IL-4 release by human leukemic and activated normal basophils.

Recently, authors have addressed the ability of human basophils to produce IL-4. We report here the detection of significant serum IL-4 levels in a case of acute transformation of chronic myelogenous leukemia with a predominant basophilic cell population. Leukemic basophils were isolated from patients' PBMC and assayed for their IL-4-mRNA expression and their ability to secrete this cytokine in vitro. Leukemic basophilic cells (> 90% toluidine blue positive) but not other PBMC expressed IL-4-mRNA, contained IL-4 protein, and secreted this cytokine. These cells had a spontaneous IL-4 secretion ability, without a need for an exogenous activator. Meanwhile, IL-4 release was significantly increased following leukemic cell activation through Fc epsilon RI-ligation or by Ca2+ ionophore. IL-4 and its mRNA were also detected in leukemic basophils from three other chronic myelogenous leukemia patients with moderate basophilia (13, 14, and 23% basophils in PBMC).
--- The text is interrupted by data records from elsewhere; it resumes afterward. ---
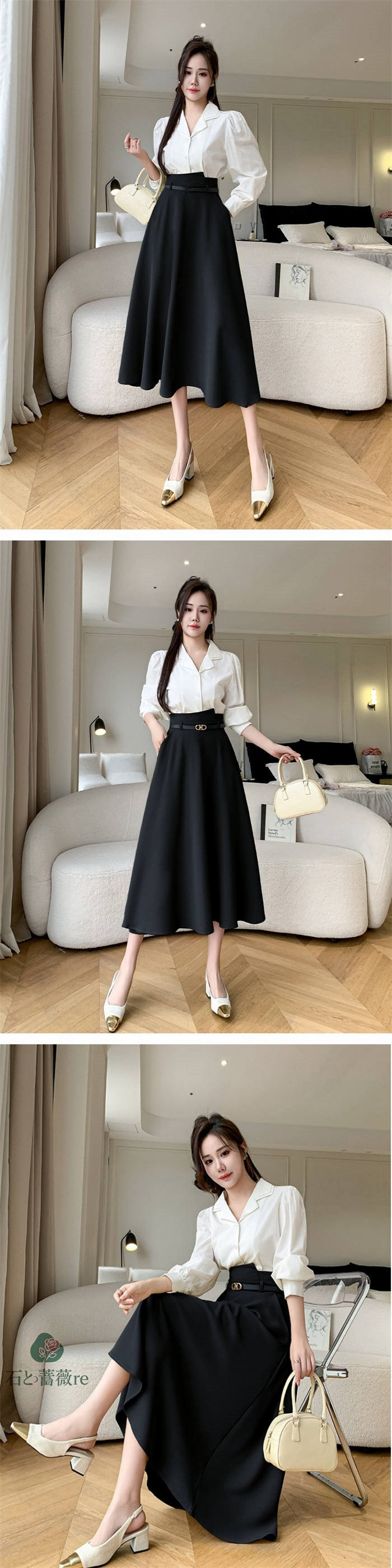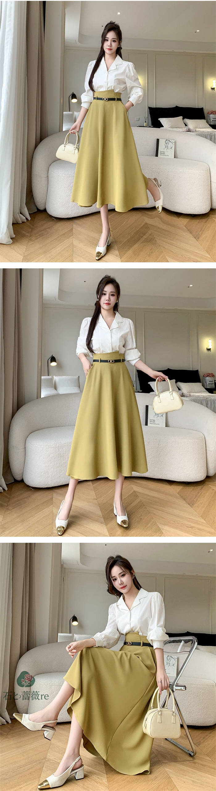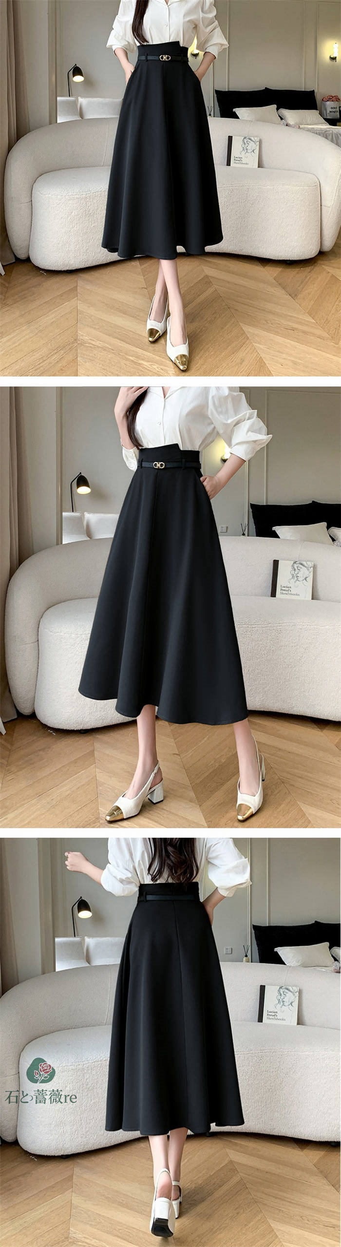スカート aライン ロングスカート A ボトムス スカート 通販 ブラック イエロー S M L LL
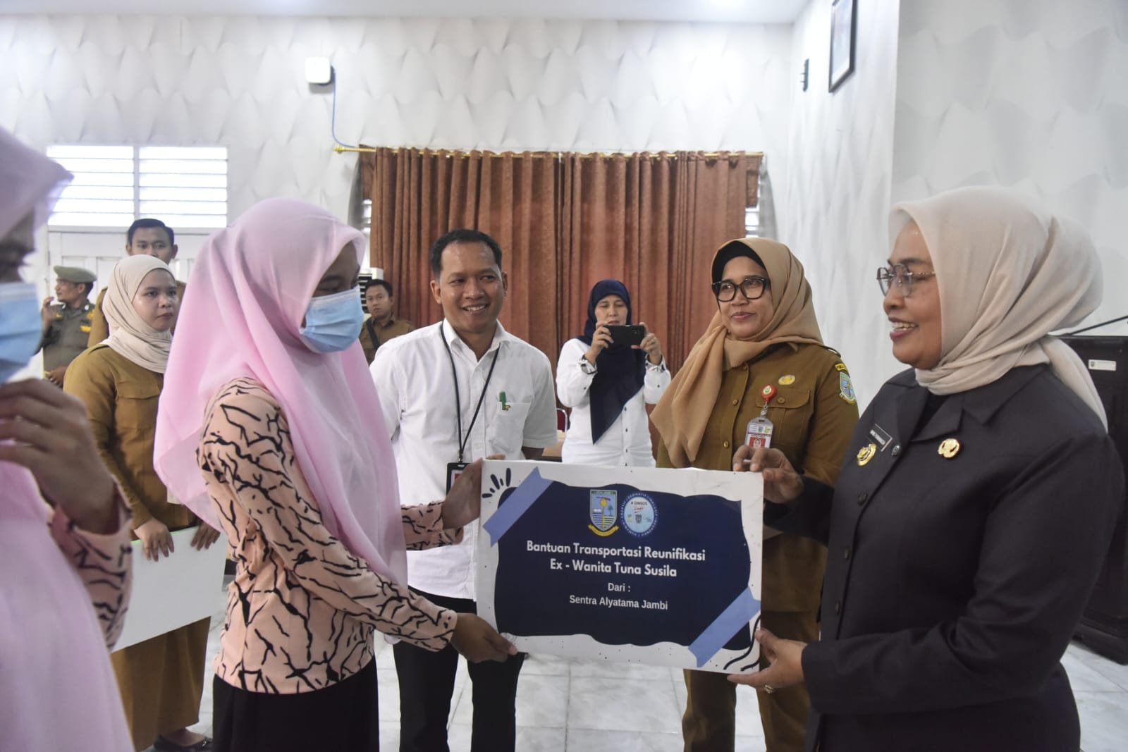 Pj Wali Kota Jambi, Sri Purwaningsih memulangkan 13 orang Reunifikasi Wanita Tuna Susila eks lokalisasi ilegal Payo Sigadung ke kampung halamannya masing-masing.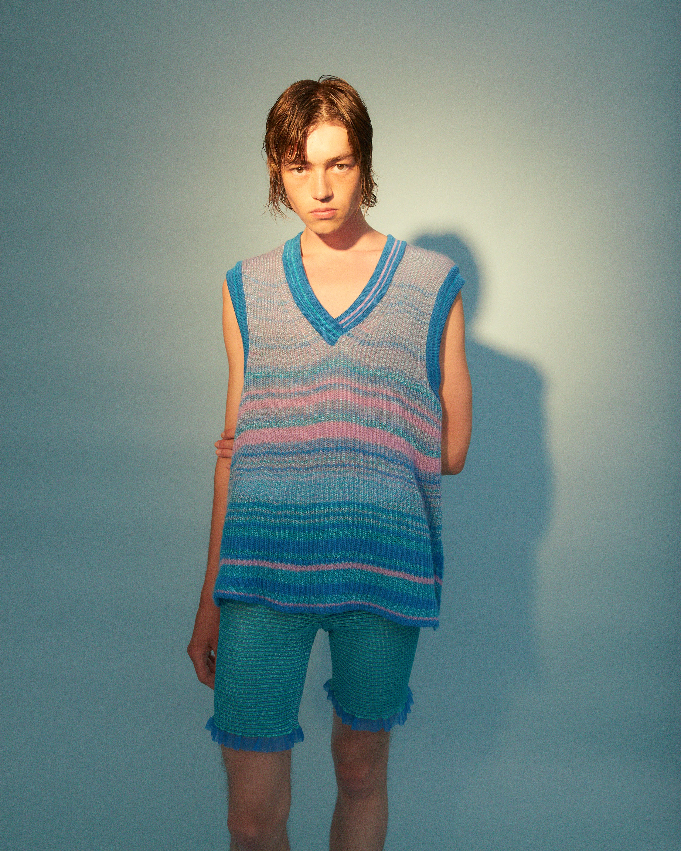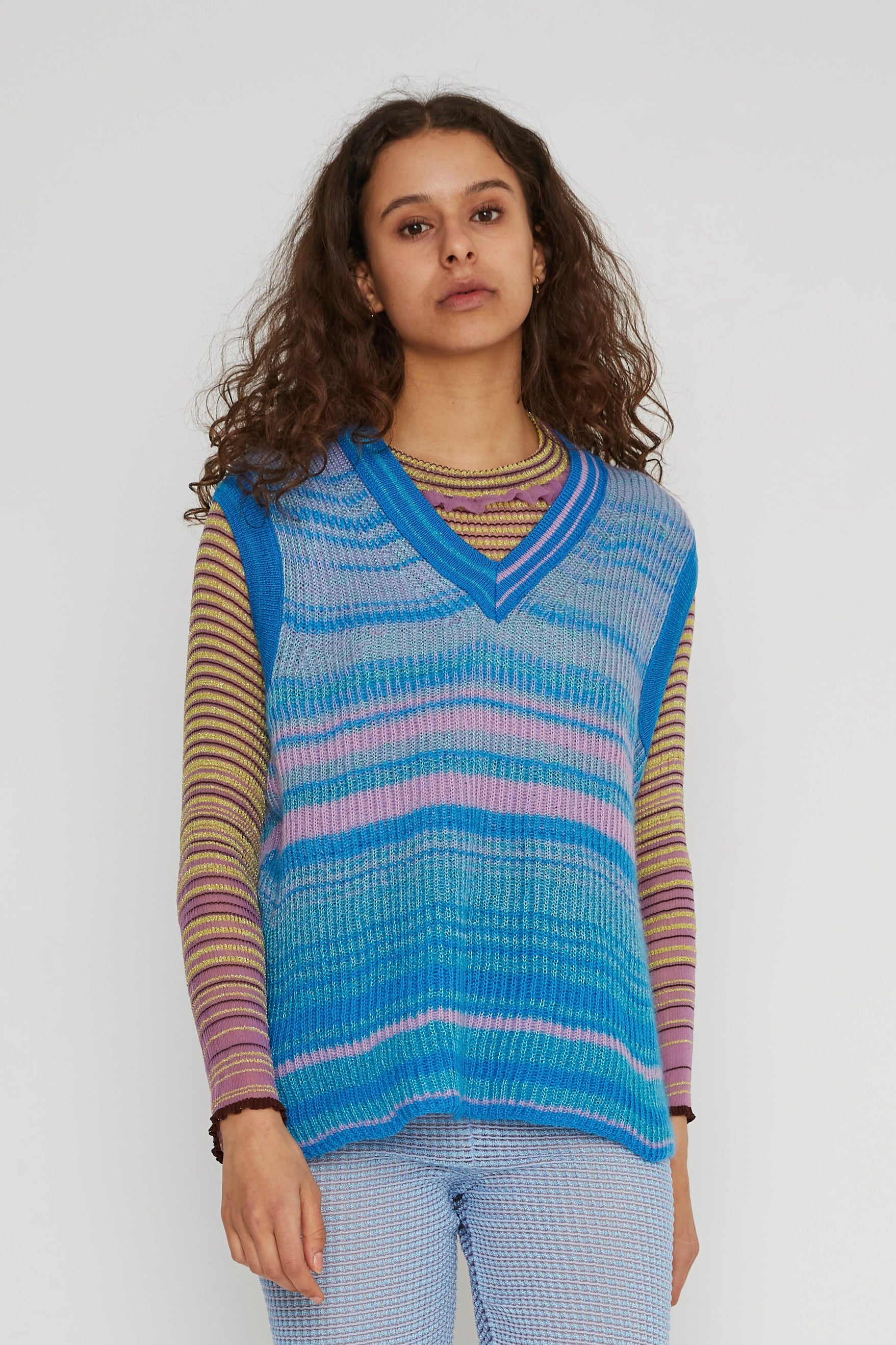 Knitted oversized v-neck vest with gradient stripes. The textiles are very soft, airy and lightweight. This vest is cut for a loose fit, therefore one size fits multiple sizes. This item is from Collection 3.

To confirm these data in normal human cells, we have developed a method to obtain large numbers of purified basophils from human bone marrow cell cultures. In contrast to leukemic basophils, normal cells required in vitro activation through Fc epsilon RI ligation or by Ca2+ ionophore to express and secrete IL-4. Leukemic and normal basophils secreted histamine following in vitro activation, but were negative for tryptase. These data thus demonstrate the in vivo and in vitro ability of human basophils to produce IL-4.